# décoration zinguée



## Heidee_

Bonjour à tous
je dois traduire en italien le descriptif d'un hotel mais je n'arrive pas à trouver une traduction pour "décoration zinguée". La phrase complète c'est:
"décoration zinguée, très classe, avec des meubles en bois et des chaises années 70" que j'ai essayé de traduire comme "arredamento con particolari in zinco (???), di gran classe, con mobili in legno e sedie anni '70". 
Merci par avance pour votre aide!


----------



## patrovytt

Heidee_ said:


> Bonjour à tous
> je dois traduire en italien le descriptif d'un hotel mais je n'arrive pas à trouver une traduction pour "décoration zinguée". La phrase complète c'est:
> "décoration zinguée, très classe, avec des meubles en bois et des chaises années 70" que j'ai essayé de traduire comme "arredamento con particolari in zinco (???), di gran classe, con mobili in legno e sedie anni '70".
> Merci par avance pour votre aide!


Forse è meglio dire "particolari zincati"...?


----------



## Heidee_

in effetti… :-D 
grazie!


----------



## matoupaschat

Altra proposta, invece di particolari, che non mi piace troppo (ma non saprei dire perché) : elementi di/dell'arredamento zincati .


----------



## Heidee_

grazie mille!


----------



## patrovytt

matoupaschat said:


> Altra proposta, invece di particolari, che non mi piace troppo (ma non saprei dire perché) : elementi di/dell'arredamento zincati .

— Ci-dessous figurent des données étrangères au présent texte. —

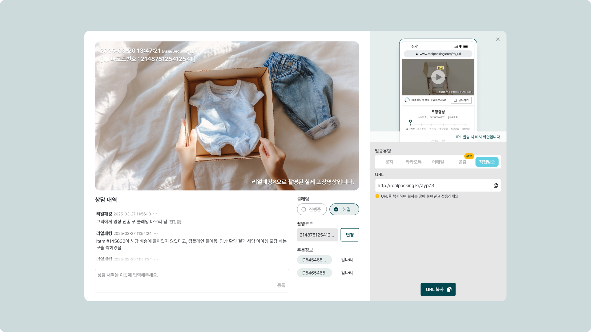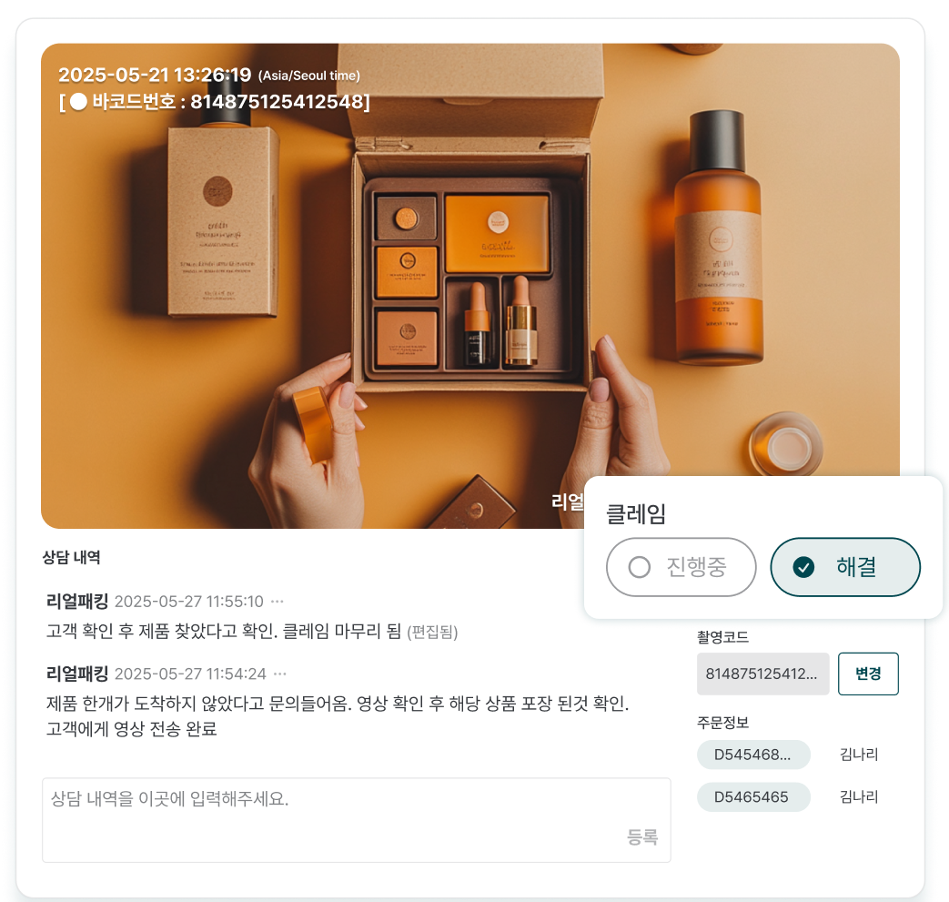 ๋ฆฌ์ผํจํน์ ์์ ๊ธฐ๋ก์ ์๋น์์๊ฒ ํ๋งคํ ์ ํ์ ์ถ๊ณ ๋น์ ์ํ์ ํฌ์ฅ ๊ณผ์ ์ ๊ธฐ๋กํ ์ ์์ต๋๋ค. ์ด ์์์ ์ด๋ฉ์ผ์ด๋ ๋ฉ์์ง๋ก ๊ฐํธํ๊ฒ ๊ณต์ ํ๋ฉด, ๊ณ ๊ฐ๋ ์ํฉ์ ๋น ๋ฅด๊ฒ ์ดํดํ ์ ์์ต๋๋ค. ๋ถํ์ํ ๊ฐ์ ์๋ชจ ์์ด ๋์ํ ์ ์๊ณ , ์ฒ๋ฆฌ ์๊ฐ๊ณผ ๋น์ฉ์ ์ค์ฌ ์ด์์ ์์ ์ฑ์ ๋์ผ ์ ์์ต๋๋ค.

 Mi sa che hai ragione... aggiungerei "elementi dell'arredamento con _inserti_ zincati"


----------



## matoupaschat

È una buona idea ! Facevo fatica a rappresentarmi "une décoration zinguée", mi venivano in mente le sole immagini dei vecchi annaffiatoi della mia infanzia, e così mi sembra di cominciare a capire ...


----------